A Survey Reveals SMR Use Is Driven by Preference, Not Proof—for Now

In the first study of its kind, researchers surveyed fit pros on their use of SMR. Here’s the first release of the survey’s findings—and the gaps in research that they have brought to the forefront.

by Scott W. Cheatham, PhD, DPT, PT, and Kyle Stull, DHSC, MS

As self-myofascial release continues to grow in popularity, so, too, must the research done on it.

This observational survey study was the first investigation to analyze and document trends in the use of self-myofascial release devices among fitness professionals. The popularity of SMR has increased over the last decade, prompting the creation of various devices and the widespread use by fitness professionals.

THE STUDY: “Trends in the Use of Self-Myofascial Release Devices Among Fitness Professionals: A Descriptive Survey,” by Scott W. Cheatham, Kyle R. Stull & Morey Kolber.

EDITORS’ NOTE: For the past 3 years, the use of self-myofascial release devices has been ranked among the top 20 fitness trends in an annual survey by the American College of Sports Medicine (Thompson 2016a; Thompson 2016b; 2017).
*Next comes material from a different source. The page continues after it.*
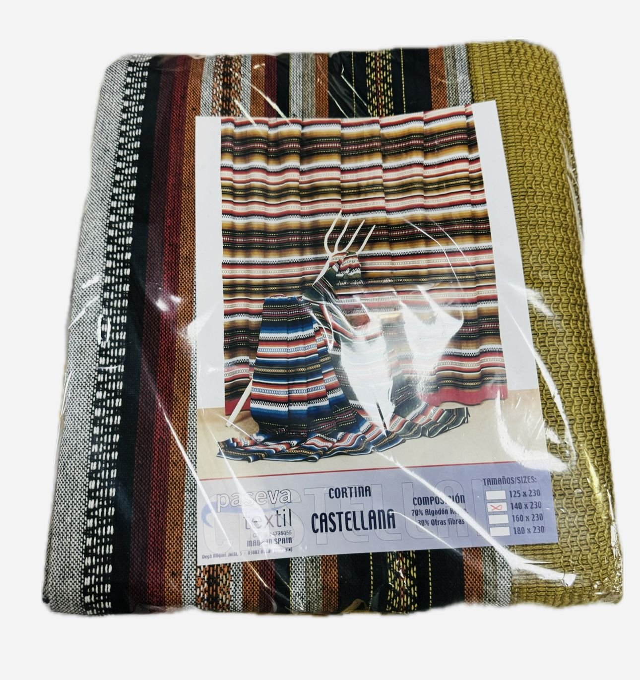 La cortina sólo lleva confeccionada la orilla inferior, la superior no tiene ningún tipo de enganche (ollaos, trabillas, etc).

The latest edition of NASM Essentials of Personal Fitness Training recommends using SMR before stretching and during the cooldown to “help correct existing muscle imbalances, reduce trigger points (knots within muscle) and inhibit overactive musculature” (NASM 2018).

Still, a quick web search reveals that there is no consensus on the optimal SMR program and parameters for different musculoskeletal conditions, including specifics such as cadence (timing), technique, amount of force and type of rolling device (Beardsley & Škarabot 2015; Cheatham et al. 2015). This lack of scientific guidelines has prompted fitness professionals to use their own preferred methods of SMR, as revealed in this study by Cheatham, Stull and Kolber.

To identify current trends, the study team surveyed fitness pros to learn how they are using SMR devices in their practices. One very important result: More than 86% of respondents reported that they believe there is a gap in current research on SMR. The findings suggest that this perceived gap has led to variations in practice among fitness professionals. Cheatham, Stull & Kolber hope that their findings will inspire more research into the effectiveness of various SMR techniques and devices, eventually resulting in scientific guidelines based upon evidence rather than preference and opinion.

We are honored that they have chosen this issue of American Fitness magazine to discuss their findings for the first time. Read on to learn what else the survey revealed—and whether your practices are in keeping with the most popular trends.

Study Participants and Methods

In our survey, we reached out to 1,211 fitness professionals from the National Academy of Sports Medicine and Equinox Fitness Clubs. Of the 202 people who responded (111 men, 91 women), more than 97% reported having a fitness certification, and most worked in a fitness or wellness center.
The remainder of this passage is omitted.